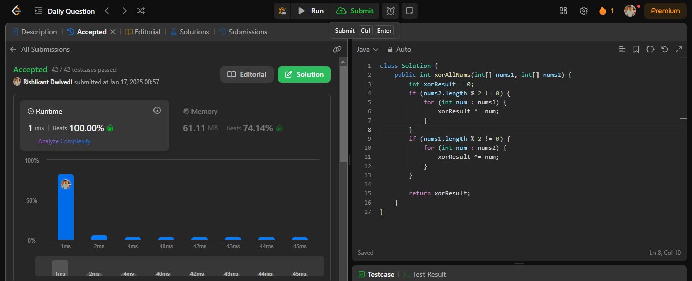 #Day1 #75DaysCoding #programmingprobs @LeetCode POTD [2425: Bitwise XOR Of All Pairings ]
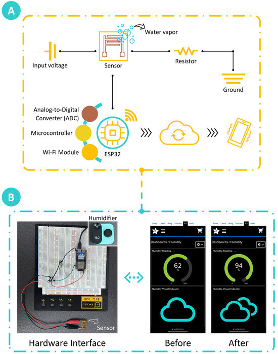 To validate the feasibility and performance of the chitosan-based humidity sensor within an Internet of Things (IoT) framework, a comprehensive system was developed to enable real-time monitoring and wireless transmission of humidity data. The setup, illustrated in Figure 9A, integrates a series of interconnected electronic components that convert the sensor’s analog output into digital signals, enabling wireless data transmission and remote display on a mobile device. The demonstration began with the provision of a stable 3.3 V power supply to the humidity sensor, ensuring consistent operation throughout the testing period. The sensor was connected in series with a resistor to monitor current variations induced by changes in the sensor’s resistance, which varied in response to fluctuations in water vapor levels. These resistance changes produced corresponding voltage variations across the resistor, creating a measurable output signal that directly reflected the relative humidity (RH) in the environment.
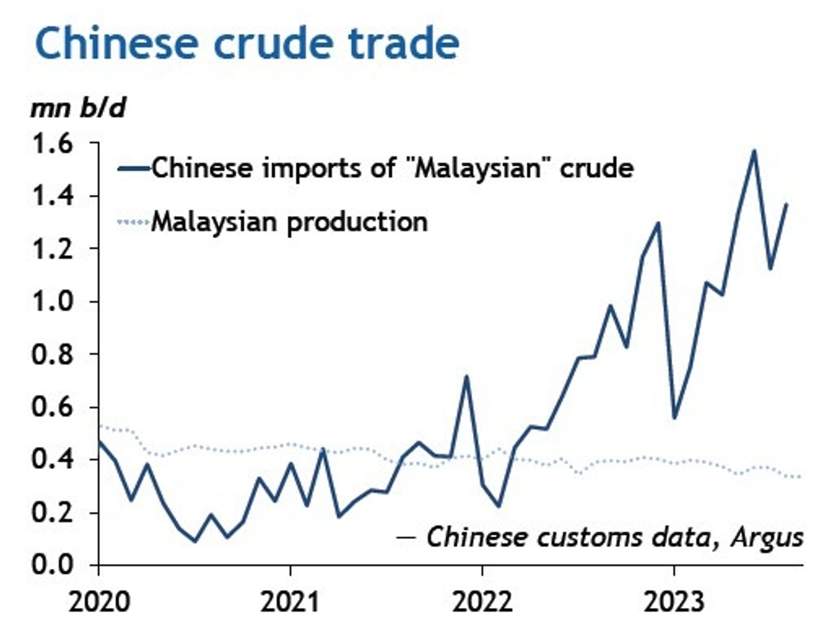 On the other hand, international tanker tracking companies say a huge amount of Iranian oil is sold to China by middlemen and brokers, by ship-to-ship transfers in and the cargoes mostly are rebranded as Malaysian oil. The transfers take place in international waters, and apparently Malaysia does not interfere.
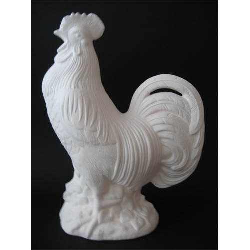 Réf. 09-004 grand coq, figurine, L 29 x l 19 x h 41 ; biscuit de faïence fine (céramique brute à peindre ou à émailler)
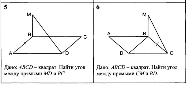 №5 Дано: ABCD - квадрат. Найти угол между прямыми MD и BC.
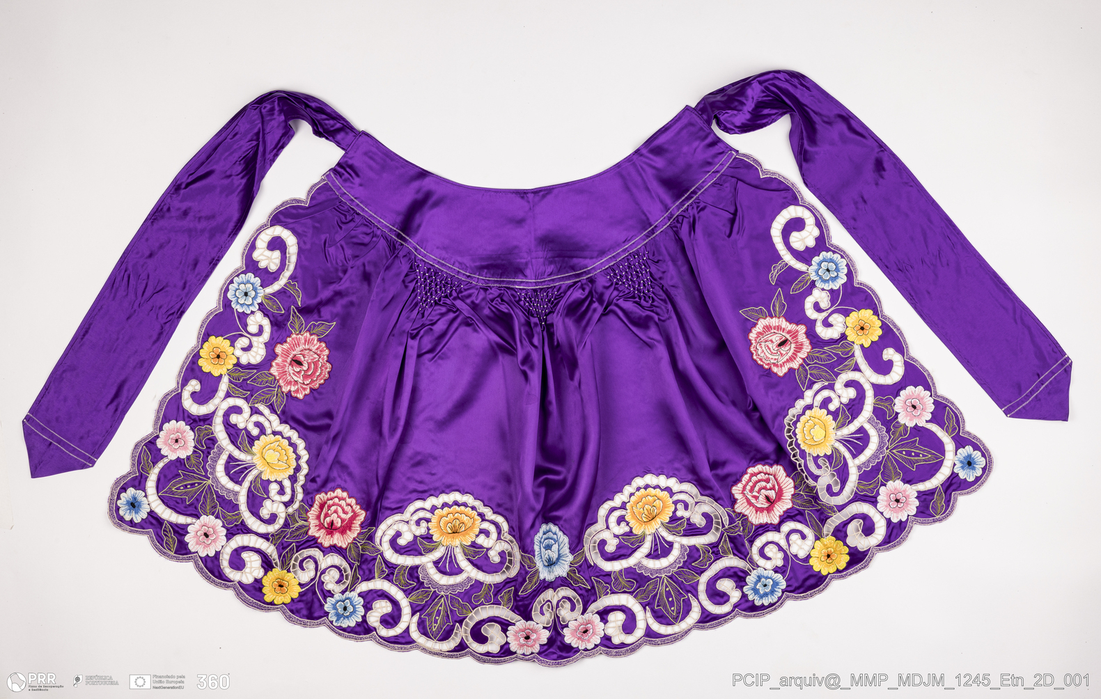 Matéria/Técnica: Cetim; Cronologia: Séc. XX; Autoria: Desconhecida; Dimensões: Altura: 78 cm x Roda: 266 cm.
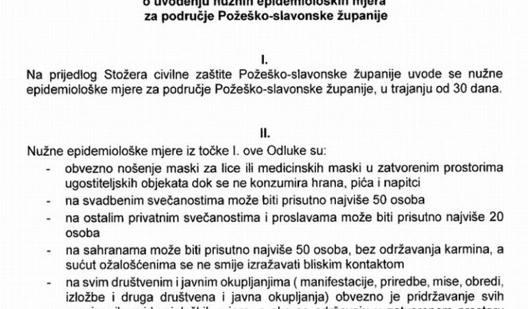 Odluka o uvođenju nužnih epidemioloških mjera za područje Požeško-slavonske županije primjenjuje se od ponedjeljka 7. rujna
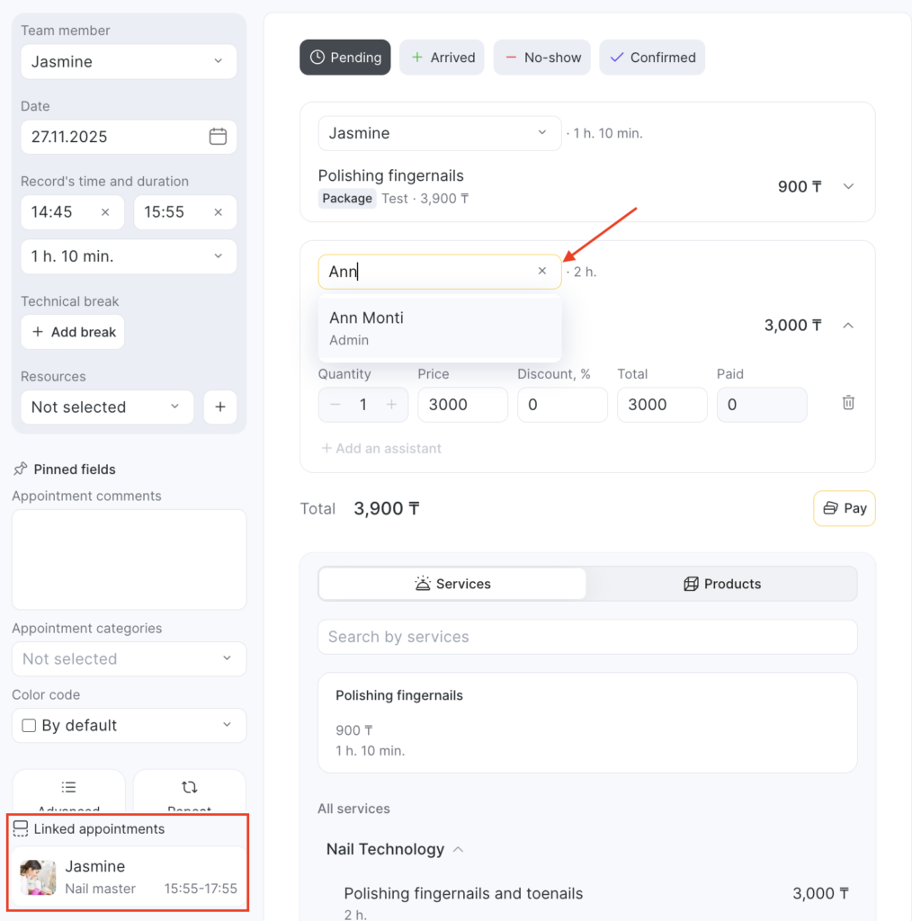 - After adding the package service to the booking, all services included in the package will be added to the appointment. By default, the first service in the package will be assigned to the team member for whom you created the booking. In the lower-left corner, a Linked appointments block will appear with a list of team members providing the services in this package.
::::
=== INSTRUCTIONS TO FOLLOW ===
What is needed is an exact copy of every record above, minus the images.

=== RESULT FOR THIS EXERCISE ===
 #Day1 #75DaysCoding #programmingprobs @LeetCode POTD [2425: Bitwise XOR Of All Pairings ]
 To validate the feasibility and performance of the chitosan-based humidity sensor within an Internet of Things (IoT) framework, a comprehensive system was developed to enable real-time monitoring and wireless transmission of humidity data. The setup, illustrated in Figure 9A, integrates a series of interconnected electronic components that convert the sensor’s analog output into digital signals, enabling wireless data transmission and remote display on a mobile device. The demonstration began with the provision of a stable 3.3 V power supply to the humidity sensor, ensuring consistent operation throughout the testing period. The sensor was connected in series with a resistor to monitor current variations induced by changes in the sensor’s resistance, which varied in response to fluctuations in water vapor levels. These resistance changes produced corresponding voltage variations across the resistor, creating a measurable output signal that directly reflected the relative humidity (RH) in the environment.
 On the other hand, international tanker tracking companies say a huge amount of Iranian oil is sold to China by middlemen and brokers, by ship-to-ship transfers in and the cargoes mostly are rebranded as Malaysian oil. The transfers take place in international waters, and apparently Malaysia does not interfere.
 Réf. 09-004 grand coq, figurine, L 29 x l 19 x h 41 ; biscuit de faïence fine (céramique brute à peindre ou à émailler)
 №5 Дано: ABCD - квадрат. Найти угол между прямыми MD и BC.
 Matéria/Técnica: Cetim; Cronologia: Séc. XX; Autoria: Desconhecida; Dimensões: Altura: 78 cm x Roda: 266 cm.
 Odluka o uvođenju nužnih epidemioloških mjera za područje Požeško-slavonske županije primjenjuje se od ponedjeljka 7. rujna
 - After adding the package service to the booking, all services included in the package will be added to the appointment. By default, the first service in the package will be assigned to the team member for whom you created the booking. In the lower-left corner, a Linked appointments block will appear with a list of team members providing the services in this package.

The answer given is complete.